Inglês (113)  Espanhol (2)  Catalão (1)  Italiano (1)  Todas as línguas (117)
Mostrando 1-5 de 117 (seguinte | mostrar todos)
Another beautiful collection by Diaz, but I must confess I'm growing slightly weary of Yunior. All of his conquests are becoming one and the same to me, and his lack of shaping up is starting to make me like him less. I found "Invierno" to be one of the best stories, if only because it dealt with Yunior's childhood (some of my favorite stories in Drown, too). In this way, I wish This Is How You Lose Her was a little more varied. I mean, I get it--these are stories about loss, but I feel Drown was also like that, but the stories often had more redemptive qualities. I'm still in the Diaz camp, though, and am curious to see what he's going to bring us next.... ( )
  LibroLindsay | Jun 18, 2021 |
"The half-life of love is forever."

I could share a dozen-plus favorite lines from the book, and because I want everyone to experience it, I'm tempted to. But instead, I'll just implore you: If you appreciate beautiful writing and have ever loved (and lost) anyone or anything, read "This Is How You Lose Her." Díaz is a brilliant writer, and he uses a "Spanglish freestyle narration," sprinkling his prose with Spanish words and phrases. The collection of short stories mostly narrated by the Dominican Yunior are moving, relatable, witty and electric.

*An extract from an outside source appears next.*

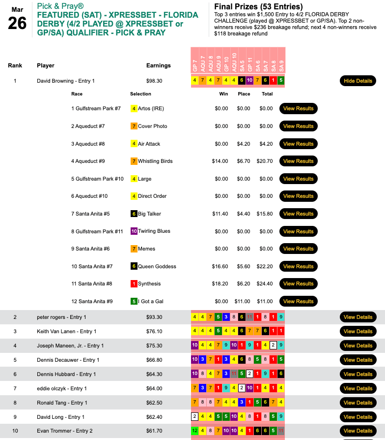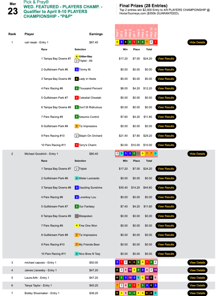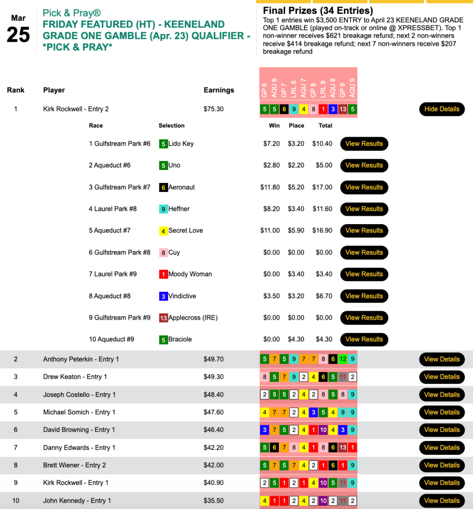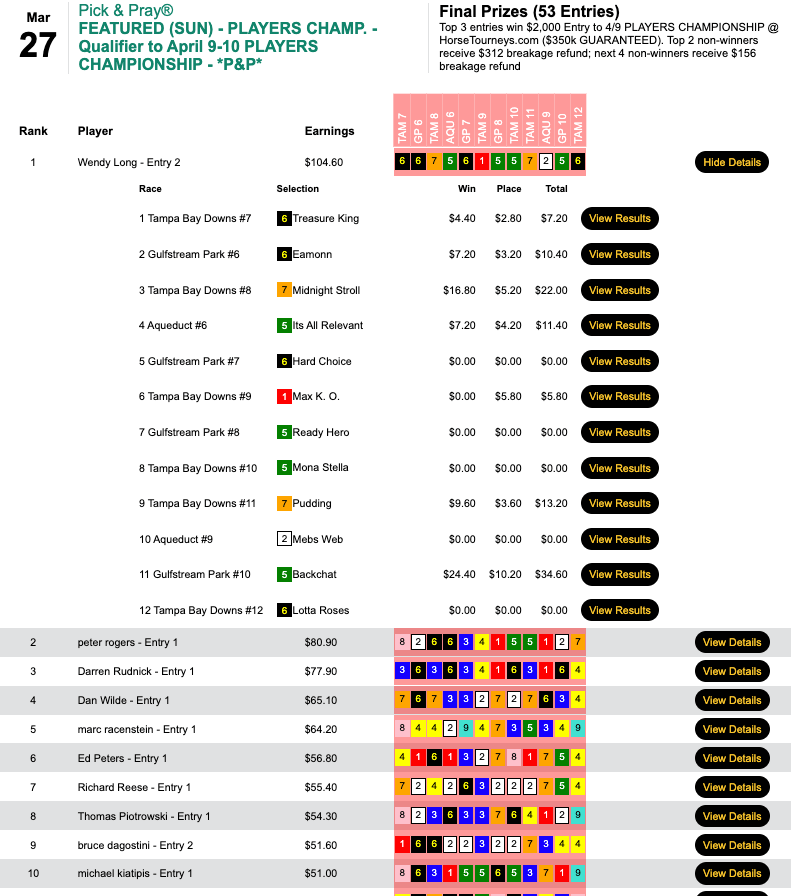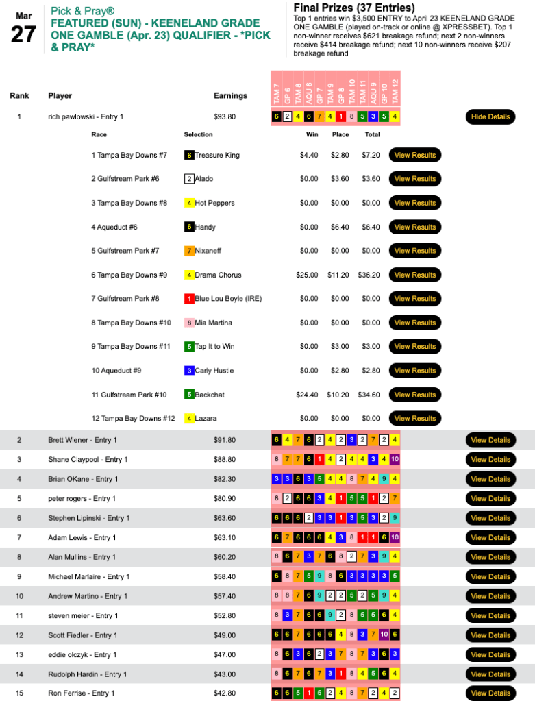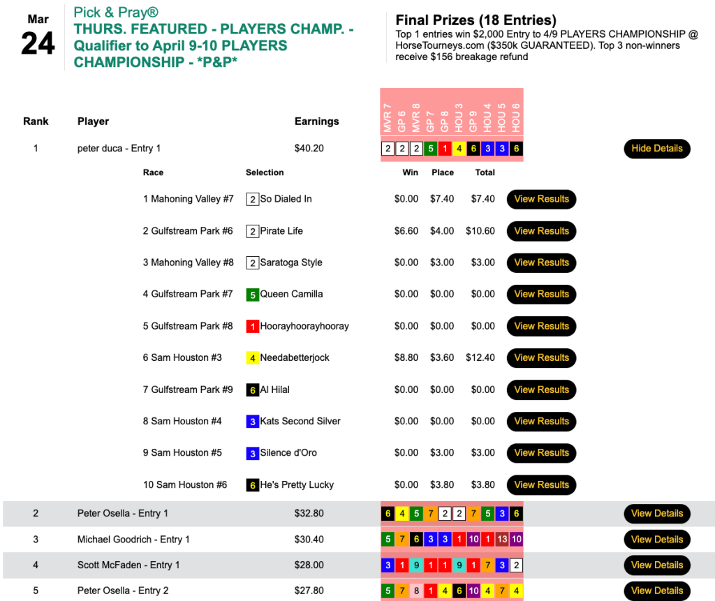 Duca (2 wins, 4 places) was the only entrant among 18 to turn a flat-bet profit, and that got him the $2,000 seat in Thursday’s qualifier to the $350,000 Guaranteed Players Championship on April 9-10. Duca’s biggest winner paid $8.80, so those four place payoffs aided his cause immensely.
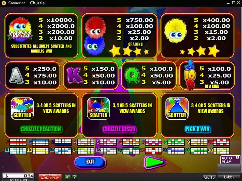 Chuzzle is a 5 Reel / 20 Line slots game, released by 888 Blueprint Gaming Gamesys in

When Yunior's girlfriend, Alma, reads his journal and discoverers he's been cheating:

“Instead of lowering your head and copping to it like a man, you pick up the journal as one might hold a bady's beshattered diaper, as one might pinch a recently benutted condom. You glance at the offending passages. Then you look at her and smile a smile your dissembling face will remember until the day you die. Baby, you say, baby, this is part of my novel.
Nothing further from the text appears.